To further investigate the characteristics of these four residues, double amino acid substitutions were introduced at residue pairs that are located at different (α1β2) subunits (Fig. 3f and Supplementary Fig. S6b). Accordingly, mutations of α1 E137G and β2 E181G dramatically reduced the sensitivity to glutamate at both 100 μM (Fig. 3f; αE137GβE181G: 9.2 ± 3.0% of control, n = 4; p < 0.05) and 1 mM (Fig. 3f; αE137GβE181G: 16.2 ± 1.3% of control, n = 3; p < 0.05). Co-expression of α1 K104D and β2 E181G also strongly decreased the sensitivity to glutamate at both 100 μM (Fig. 3f; αK104βE181G: 6.6 ± % of control, n = 5; p < 0.05) and 1 mM (Fig. 3f; αK104βE181G: 27.4 ± 12.6% of control, n = 5; p < 0.05). The double α1 mutation at K104D and E137G decreased receptor sensitivity to 100 μM (Fig. 3f; αK104D,E137Gβ: 17.3 ± 12.9% of control, n = 5; p < 0.05) and 1 mM glutamate (Fig. 3f; αK104D,E137Gβ: 45.9 ± 20.9% of control, n = 5; p < 0.05). The requirement of double mutations in α1β2 (Fig. 3e, f), but only single mutation in α1β2γ2 receptors (Fig. 3c) is in a good agreement with the electrophysiological results that glutamate produced a more pronounced potentiation in HEK293 cells expressing α1β2 GABAARs (Fig. 1e) than that expressing α1β2γ2 receptors (Fig. 1f). It provides further support for the modeling predicting glutamate binding pocket (P2) at the α+/β− interface: it is encompassed by 5 amino acids listed in Table 1, and particularly, the four charged residues (K104, K155, E137 on α1, and E181 (to a lesser degree I180) on β2 subunit), that respectively interact with COO− and NH3+ groups of both TBOA and glutamate (Fig. 3a, b; Supplementary Figs. S2c, S3c).

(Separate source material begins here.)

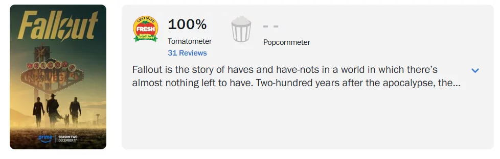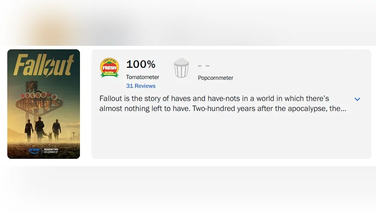До премьеры второго сезона сериала «Фоллаут» остались считанные часы, но на Rotten Tomatoes уже появились первые отзывы критиков и сформирован предварительный рейтинг. На момент написания новости он составляет 100%, но, скорее всего, рейтинг немного изменится в ближайшие дни.

To further determine the relative significance between the electrostatic and the side chain steric arrangements of these critical amino acid residues in their interaction with glutamate, we next studied the effects of substitution of these amino acids with amino acids of various sizes or charges on the glutamate potentiation. We substituted α1K104, α1E137, α1K155, or β2E181 with tryptophan, a non-charged amino acid, in order to perturb the electrostatic accessibility of glutamate to the binding pocket. This greatly reduced glutamate potentiation of the GABA currents in HEK293 cells expressing α1β2γ2 GABAARs (Fig. 4a and Supplementary Fig. S6c; Glu 100 μM: αK104Wβγ: 17.8 ± 15.3 % of control, n = 5; p < 0.01; αK155Wβγ: 4.0 ± 4.7% of control, n = 6; p < 0.01; αE137Wβγ: 14.7 ± 6.3% of control, n = 6; p < 0.01; αβE181Wγ: 5.4 ± 4.9% of control, n = 6; p < 0.01; Glu 1 mM: αK104Wβγ: 50.8 ± 17.2% of control, n = 5; p < 0.05; αK155Wβγ: 29.9 ± 8.8% of control, n = 6; p < 0.01; αE137Wβγ: 21.1 ± 4.4% of control, n = 6, P < 0.01; αβE181Wγ: 7.6 ± 4.3% of control, n = 6; p < 0.01). By contrast, the substitution of either α1E137, α1K155, or β2E181 with a similarly charged residue failed to significantly affect glutamate-induced potentiation (Fig. 4b and Supplementary Fig. S6c; Glu 100 μM: αK155Rβγ: 88.4 ± 22.5% of control, n = 6; p > 0.05; αE137Dβγ: 105.9 ± 18.3% of control, n = 6; p > 0.05; αβE181Dγ: 154.8 ± 39.5% of control, n = 6; p > 0.05; Glu 1 mM: αK155Rβγ: 106.4 ± 20.4% of control, n = 6; p > 0.05; αE137Dβγ: 91.5 ± 15.4% of control, n = 6; p > 0.05; αβE181Dγ: 101.5 ± 24.5% of control, n = 6; p > 0.05). The results strongly support a critical requirement for the electrostatic interactions between those residues and glutamate within the pocket. Collectively, these data confirm that α1K104, α1E137, α1K155, and β2E181 residues play critical roles in forming the glutamate-binding pocket at the α+/β− interface of GABAARs, likely through electrostatic interactions between glutamate and the charged residues surrounding the putative pocket.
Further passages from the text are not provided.